#### RAW DATA:

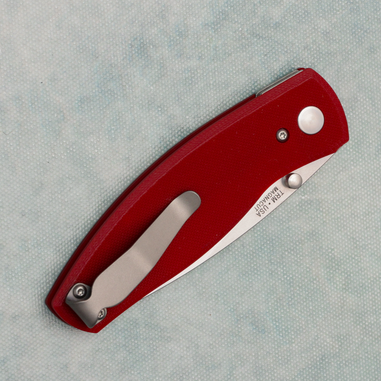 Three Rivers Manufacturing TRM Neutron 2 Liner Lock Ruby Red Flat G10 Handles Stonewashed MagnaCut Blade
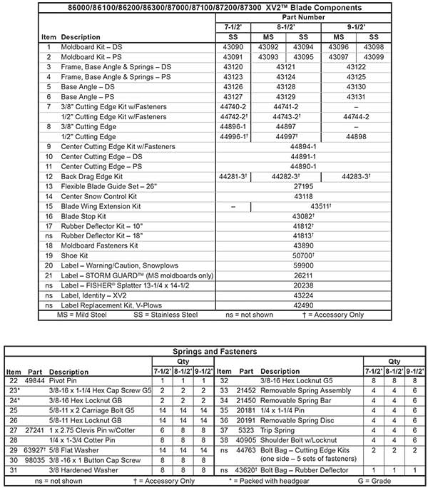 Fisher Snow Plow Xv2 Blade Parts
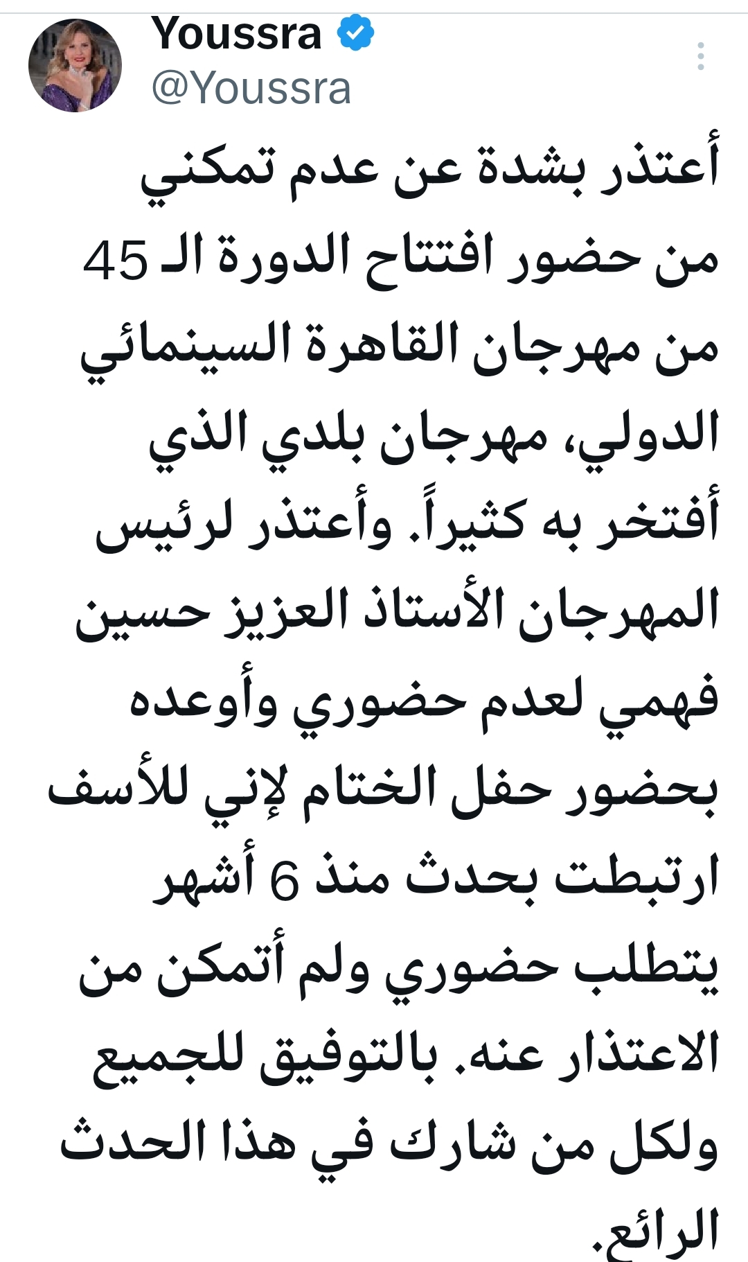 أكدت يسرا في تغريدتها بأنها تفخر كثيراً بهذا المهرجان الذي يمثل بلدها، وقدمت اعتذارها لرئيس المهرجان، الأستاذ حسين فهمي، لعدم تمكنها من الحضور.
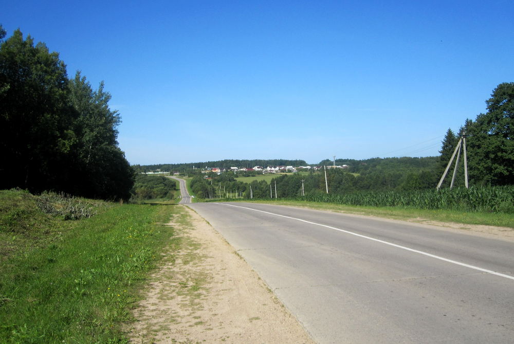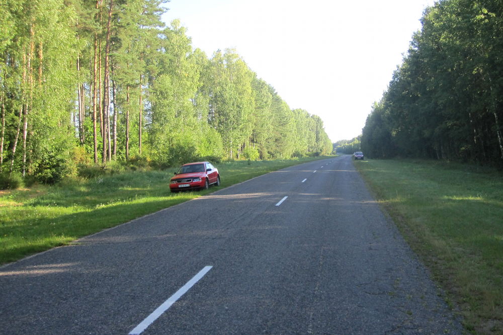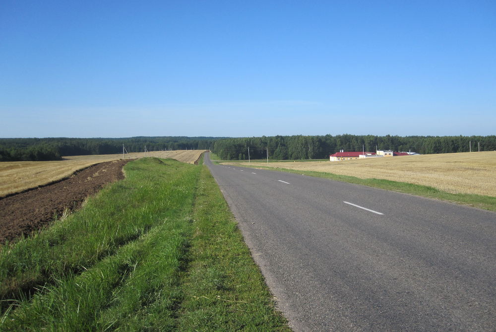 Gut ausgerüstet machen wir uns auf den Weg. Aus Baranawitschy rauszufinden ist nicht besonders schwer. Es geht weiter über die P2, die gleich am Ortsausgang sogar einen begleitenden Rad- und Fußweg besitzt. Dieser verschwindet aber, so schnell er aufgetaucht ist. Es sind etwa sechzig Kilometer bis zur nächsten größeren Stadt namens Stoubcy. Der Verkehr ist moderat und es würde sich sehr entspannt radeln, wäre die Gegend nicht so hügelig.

#### THE TASK:
Everything from the line with "Fisher Snow Plow Xv2 Blade Parts" down to the line with "أكدت يسرا في" in the data above should be copied exactly, with both end lines kept and the pictures left out.

#### TASK RESPONSE:
 Fisher Snow Plow Xv2 Blade Parts
 أكدت يسرا في تغريدتها بأنها تفخر كثيراً بهذا المهرجان الذي يمثل بلدها، وقدمت اعتذارها لرئيس المهرجان، الأستاذ حسين فهمي، لعدم تمكنها من الحضور.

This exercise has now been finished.